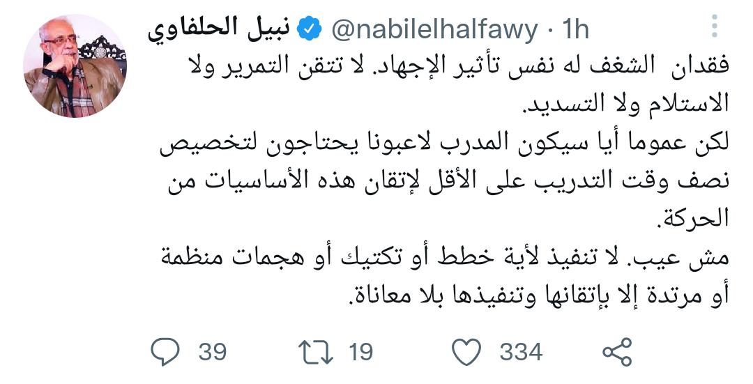 وكتب على تويتر: "فقدان الشغف له نفس تأثير الإجهاد. لا تتقن التمرير ولا الاستلام ولا التسديد.. لكن عموما أيا سيكون المدرب لاعبونا يحتاجون لتخصيص نصف وقت التدريب على الأقل لإتقان هذه الأساسيات من الحركة مش عيب.. لا تنفيذ لأية خطط أو تكتيك أو هجمات منظمة أو مرتدة إلا بإتقانها وتنفيذها بلا معاناة".
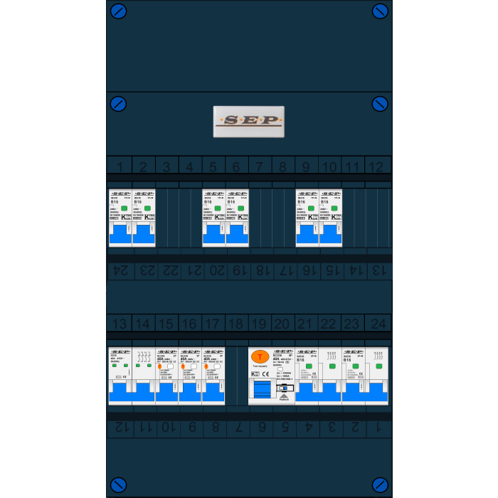 SEP groepenkast, hoofdschakelaar, 3x aardlekschakelaar 2p/40A/30mA, 1x aardlekschakelaar 4p/40/30mA, 6x installatieautomaat 1p+n/B16, 2x installatieautomaat 3p+n/B16 (3 fase)
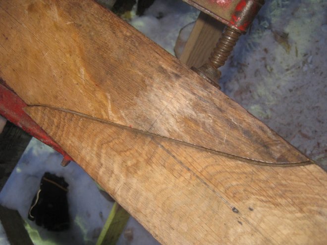 Det første var: Hvordan samlet de stevnene? Det virket umiddelbart logisk. De var samlet med en skrålask slik som det var tegnet. Nærmere undersøkelser av originalen viste også at det var benyttet en skrålask, men en meget spesiell sådan. Flatene var ikke rette, men vridd og S-formet (fig. 20).
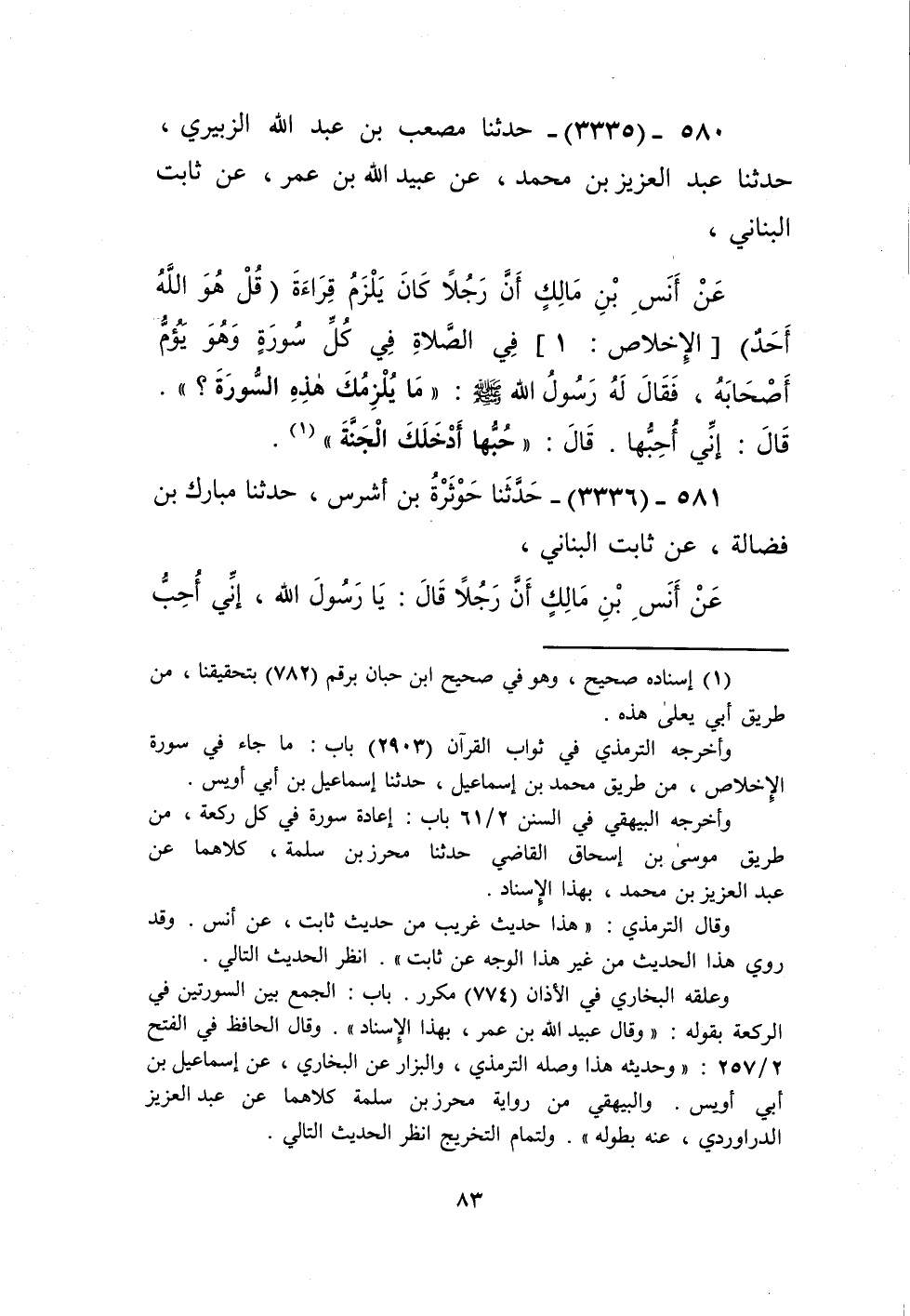 3335 - حَدَّثَنَا مُصْعَبُ بْنُ عَبْدِ اللَّهِ الزُّبَيْرِيُّ، حَدَّثَنَا عَبْدُ الْعَزِيزِ بْنُ مُحَمَّدٍ، عَنْ عُبَيْدِ اللَّهِ بْنِ عُمَرَ، عَنْ ثَابِتٍ الْبُنَانِيُّ، عَنْ أَنَسِ بْنِ مَالِكٍ، أَنَّ رَجُلًا كَانَ يَلْزَمُ قِرَاءَةَ قُلْ هُوَ اللَّهُ أَحَدٌ فِي الصَّلَاةِ فِي كُلِّ سُورَةٍ وَهُوَ يَؤُمُّ أَصْحَابَهُ، فَقَالَ لَهُ رَسُولُ اللَّهِ صَلَّى اللهُ عَلَيْهِ وَسَلَّمَ: «§مَا يُلْزِمُكَ هَذِهِ السُّورَةَ؟» قَالَ: إِنِّي أُحِبُّهَا. قَالَ: «حُبُّهَا أَدْخَلَكَ الْجَنَّةَ» Kإسناده صحيح
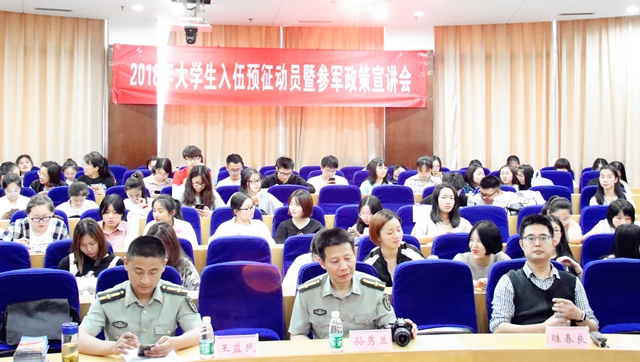 为激发我校大学生参军热情,宣传大学生应征入伍的相关优惠政策及入伍流程,5月23日晚,我校举行2018年度大学生入伍预征动员暨参军政策宣讲会。人武部副部长眭春良出席活动。
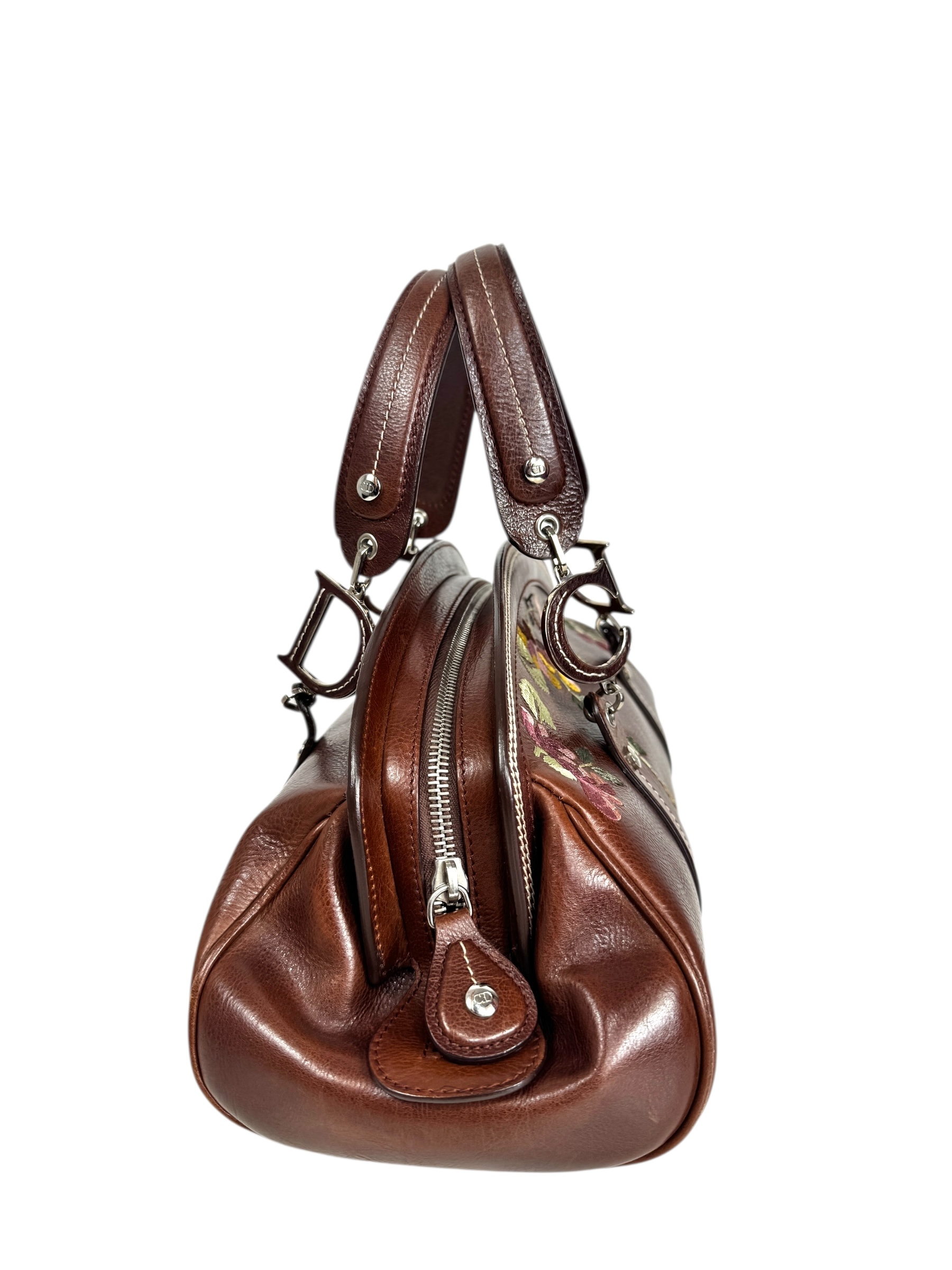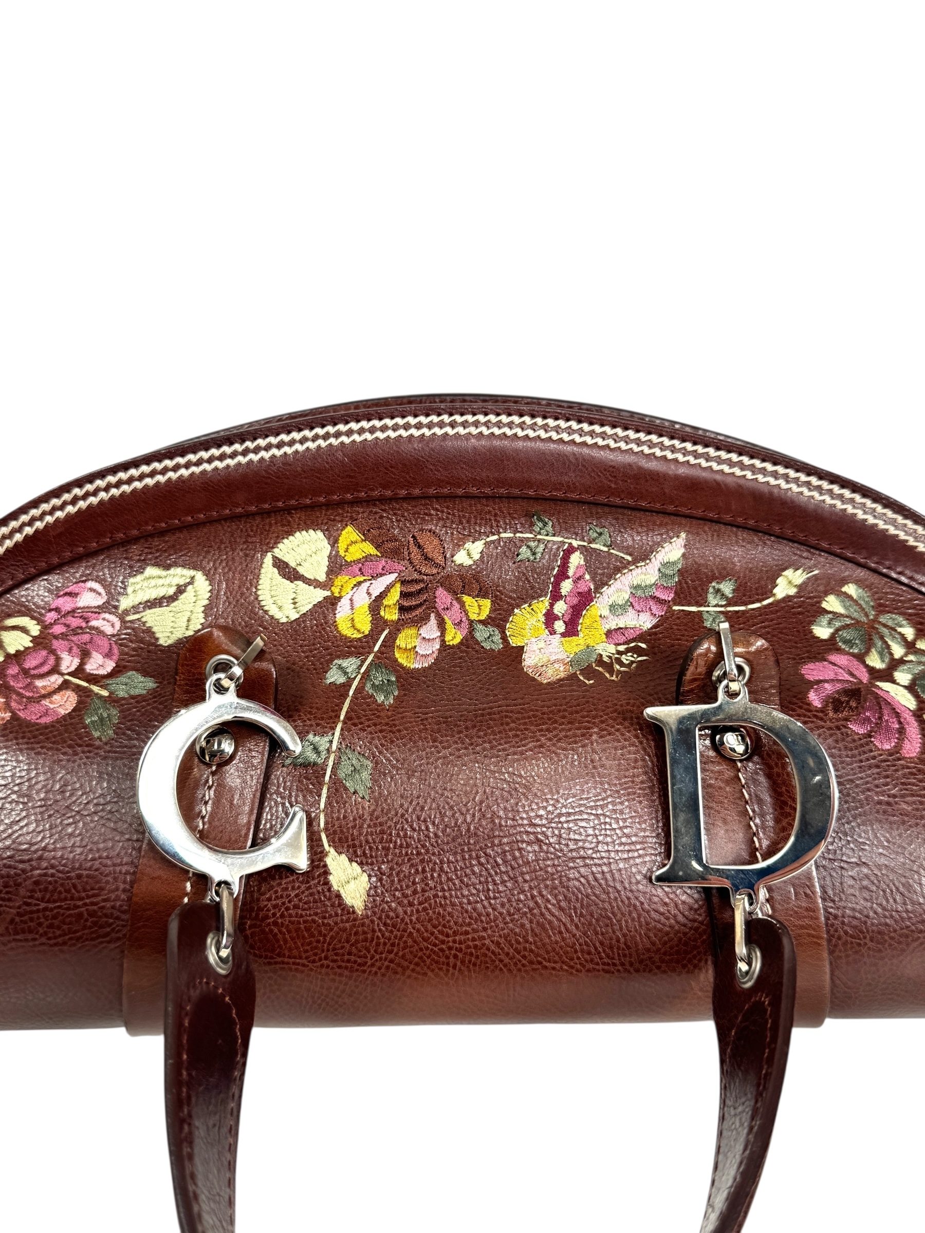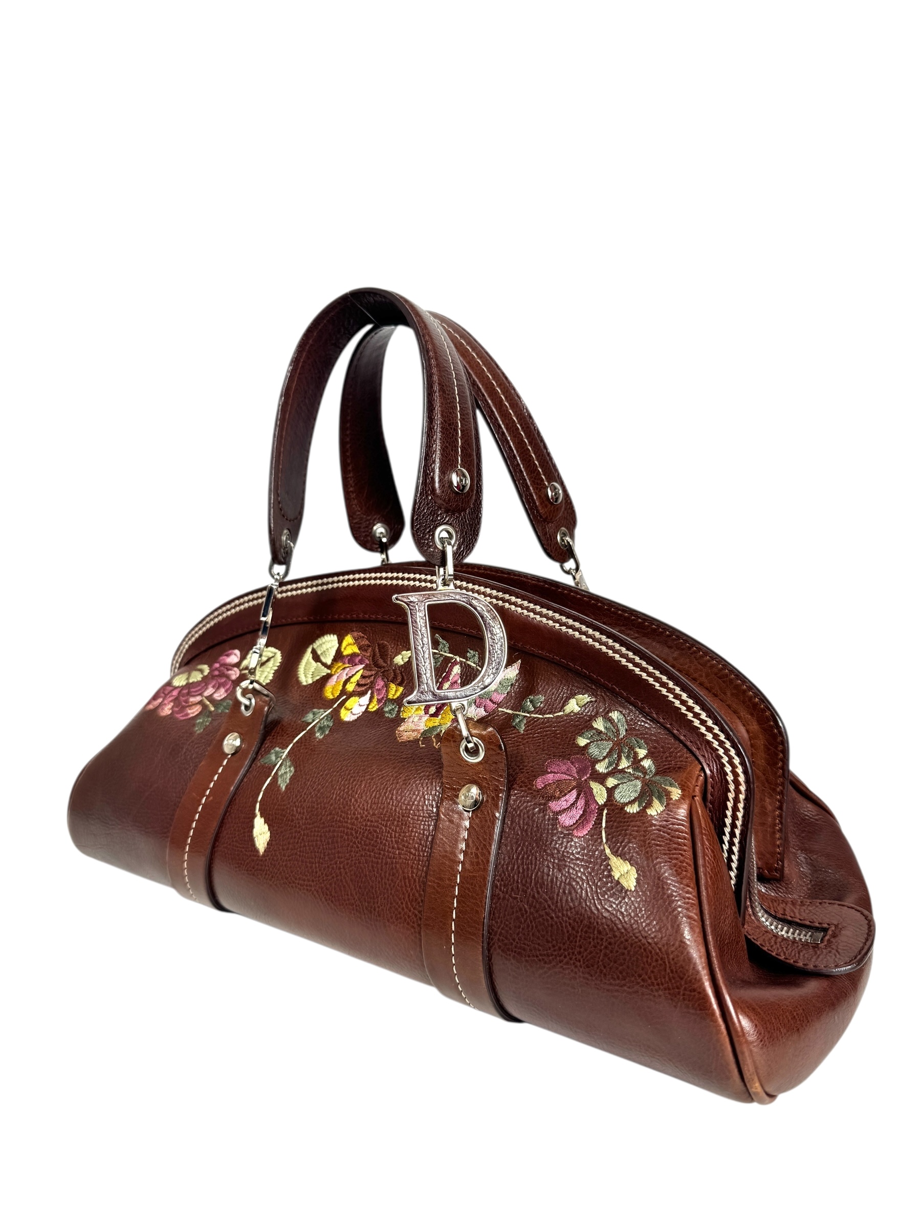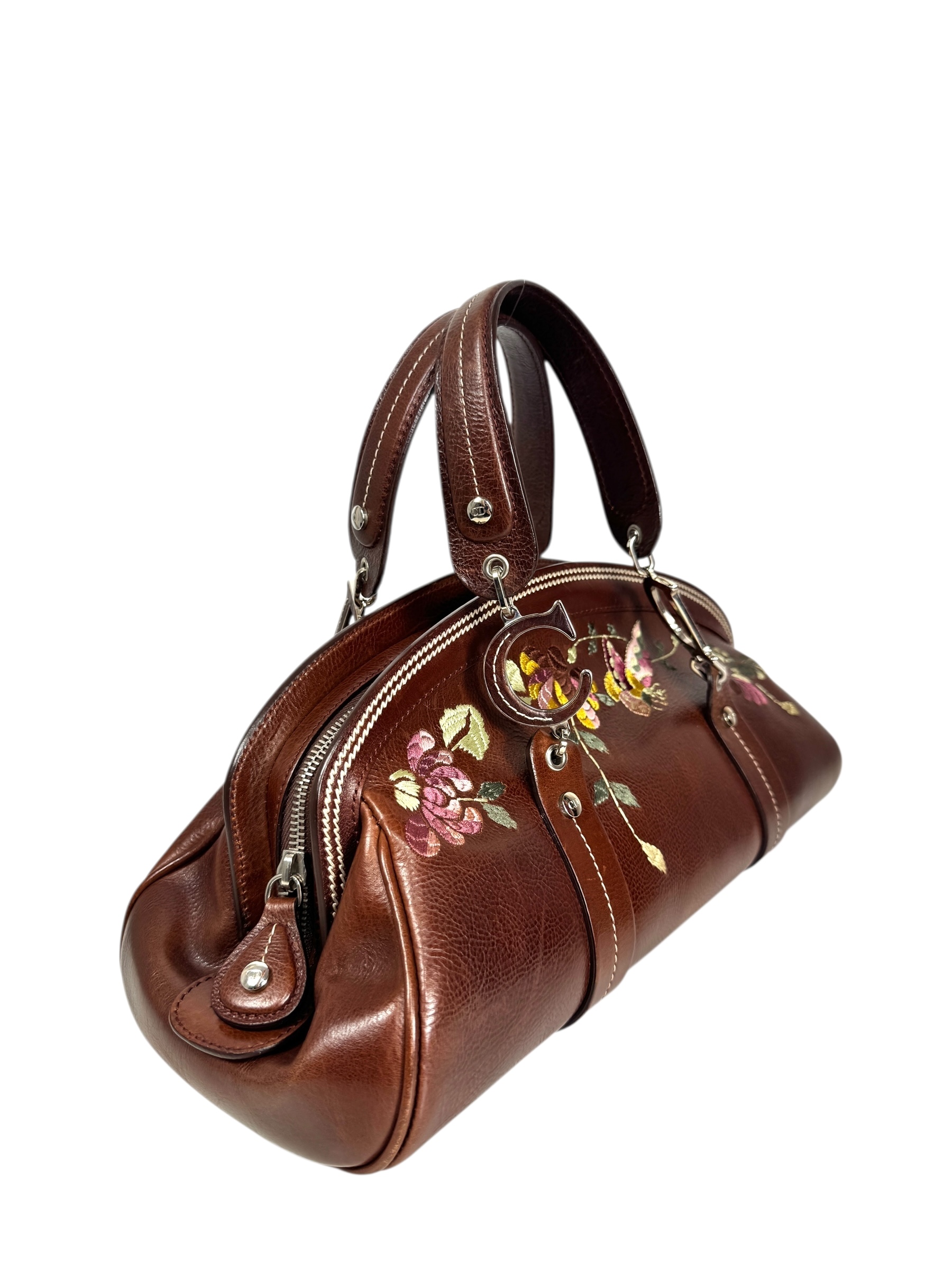 Sac « Détective » en veau café rebrodé de fleurs, fermeture éclair, double anse initiales.

**PROBLEM TO SOLVE**: Please restate word for word the lines above, starting with the line that holds "SEP groepenkast, hoofdschakelaar, 3x" and ending with the final line of the records, while leaving out pictures.

**ANSWER SECTION**:
 SEP groepenkast, hoofdschakelaar, 3x aardlekschakelaar 2p/40A/30mA, 1x aardlekschakelaar 4p/40/30mA, 6x installatieautomaat 1p+n/B16, 2x installatieautomaat 3p+n/B16 (3 fase)
 Det første var: Hvordan samlet de stevnene? Det virket umiddelbart logisk. De var samlet med en skrålask slik som det var tegnet. Nærmere undersøkelser av originalen viste også at det var benyttet en skrålask, men en meget spesiell sådan. Flatene var ikke rette, men vridd og S-formet (fig. 20).
 3335 - حَدَّثَنَا مُصْعَبُ بْنُ عَبْدِ اللَّهِ الزُّبَيْرِيُّ، حَدَّثَنَا عَبْدُ الْعَزِيزِ بْنُ مُحَمَّدٍ، عَنْ عُبَيْدِ اللَّهِ بْنِ عُمَرَ، عَنْ ثَابِتٍ الْبُنَانِيُّ، عَنْ أَنَسِ بْنِ مَالِكٍ، أَنَّ رَجُلًا كَانَ يَلْزَمُ قِرَاءَةَ قُلْ هُوَ اللَّهُ أَحَدٌ فِي الصَّلَاةِ فِي كُلِّ سُورَةٍ وَهُوَ يَؤُمُّ أَصْحَابَهُ، فَقَالَ لَهُ رَسُولُ اللَّهِ صَلَّى اللهُ عَلَيْهِ وَسَلَّمَ: «§مَا يُلْزِمُكَ هَذِهِ السُّورَةَ؟» قَالَ: إِنِّي أُحِبُّهَا. قَالَ: «حُبُّهَا أَدْخَلَكَ الْجَنَّةَ» Kإسناده صحيح
 为激发我校大学生参军热情,宣传大学生应征入伍的相关优惠政策及入伍流程,5月23日晚,我校举行2018年度大学生入伍预征动员暨参军政策宣讲会。人武部副部长眭春良出席活动。
 Sac « Détective » en veau café rebrodé de fleurs, fermeture éclair, double anse initiales.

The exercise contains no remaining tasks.